Received this news via email yesterday
May 17, 2020
To: Shareholders of Santa Fe Gold Corporation.
We are please to inform you that on May 14, 2021, Santa Fe Gold Corporation (the “Company”) filed a registration statement on Form 10 with the United States Securities and Exchange Commission (“SEC” or “Commission”) to reregister our common stock, a copy of which may be found at https://www.sec.gov/cgi-bin/browse-edgar?company=santa+fe+gold+corp&match=&CIK=&filenum=&State=&Country=&SIC=&owner=exclude&Find=Find+Companies&action=getcompany
. The approval will become automatically effective sixty (60) days from the initial filing date or July 13, 2021. However, the Commission may provide comments or have questions that we will need to address by filing an amendment(s).
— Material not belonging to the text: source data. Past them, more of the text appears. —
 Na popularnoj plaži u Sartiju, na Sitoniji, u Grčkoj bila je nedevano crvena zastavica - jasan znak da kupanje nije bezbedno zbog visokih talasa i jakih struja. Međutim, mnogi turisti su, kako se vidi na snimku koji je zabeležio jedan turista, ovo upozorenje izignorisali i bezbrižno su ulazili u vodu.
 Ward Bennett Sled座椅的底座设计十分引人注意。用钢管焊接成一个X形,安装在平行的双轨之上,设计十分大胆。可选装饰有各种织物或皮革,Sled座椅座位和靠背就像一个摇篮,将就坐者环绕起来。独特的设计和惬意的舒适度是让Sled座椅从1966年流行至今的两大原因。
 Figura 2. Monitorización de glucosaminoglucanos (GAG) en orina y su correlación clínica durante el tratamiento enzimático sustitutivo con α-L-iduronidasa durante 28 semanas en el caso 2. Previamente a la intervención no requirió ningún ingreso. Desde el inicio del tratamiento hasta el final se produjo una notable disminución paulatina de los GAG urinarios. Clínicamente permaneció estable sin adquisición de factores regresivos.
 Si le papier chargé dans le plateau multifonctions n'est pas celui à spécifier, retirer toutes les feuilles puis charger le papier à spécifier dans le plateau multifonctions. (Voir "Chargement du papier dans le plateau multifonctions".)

Upon effectiveness of the Form 10, the Company becomes subject to the reporting requirements of the Securities Exchange Act of 1934, as amended (the “Exchange Act”) and is obligated to file annual reports on Form 10-K, quarterly reports on Form 10-Q and current reports on Form 8-K. Also, the effectiveness of the Company’s registration statement triggers the managements’ and shareholders’ (beneficially holding five percent (5%) or more of its shares of common stock) reporting requirements for Sections 13 and 16 of the Exchange Act. Even if a shareholder beneficially holding five percent or more of our outstanding shares of common stock has filed Forms 3, 4, and /or 5 in the past, they should refile their position forms on form 3 within 10 days following our effectiveness or no later than July 23, 2021
Standing alone, a Form 10 registration will not cause restricted securities to become unrestricted, however it (along with certain other facts), may affect whether a broker-dealer will be willing to accept Rule 144 as an exemption from registration, thus allowing a restrictive legend to be removed so that shares can be deposited in a brokerage account. Even though an effective Form 10 registration causes an issuer to become subject to the reporting requirements of the Exchange Act, a Form 10 registration statement does not make the Company publicly traded or result in assignment of a ticker symbol, it is only publicly reporting.
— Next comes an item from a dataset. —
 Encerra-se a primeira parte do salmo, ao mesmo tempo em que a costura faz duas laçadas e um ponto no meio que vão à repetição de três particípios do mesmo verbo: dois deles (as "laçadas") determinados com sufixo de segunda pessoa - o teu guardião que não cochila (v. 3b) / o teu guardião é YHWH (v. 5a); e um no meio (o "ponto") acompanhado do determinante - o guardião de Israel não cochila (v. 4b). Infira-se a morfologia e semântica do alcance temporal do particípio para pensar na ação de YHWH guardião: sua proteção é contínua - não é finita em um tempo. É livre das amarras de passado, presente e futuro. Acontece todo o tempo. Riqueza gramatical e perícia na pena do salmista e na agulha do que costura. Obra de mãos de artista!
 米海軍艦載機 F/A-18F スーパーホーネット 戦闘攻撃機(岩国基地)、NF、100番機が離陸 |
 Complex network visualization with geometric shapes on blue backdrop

To receive a ticker symbol or revive its old symbol and become publicly traded, the Company must go through FINRA’s process and meet its requirements for trading or quotation. This process is managed by a sponsoring market maker, who is itself, under the registration and regulatory supervision of FINRA. Rule 15(c)2-11 covers the requirements necessary for the initiation or resumption of electronic quotation of securities in the OTC markets. Under Rule 15(c)2-11, a market maker is responsible for preparing and submitting the information and documents required by Form 211, as well as being responsible for finding any applicable exemptions. As stated, FINRA assigns ticker symbols and the Company must meet FINRA requirements; these vary depending upon what exchange company will trade on. In our case, the Company intends to trade by quotation OTC. Recently, the SEC initiated changes that appear to result in OTC Markets performing additional compliance duties and policing more strict continued listing standards. It is not clear exactly how these changes will operate with OTC Markets, but they become effective on September 27, 2021. Currently the information on this process with OTC Markets is not available and management is keeping in contact with them for current updates and related requirements and procedure’s as they develop.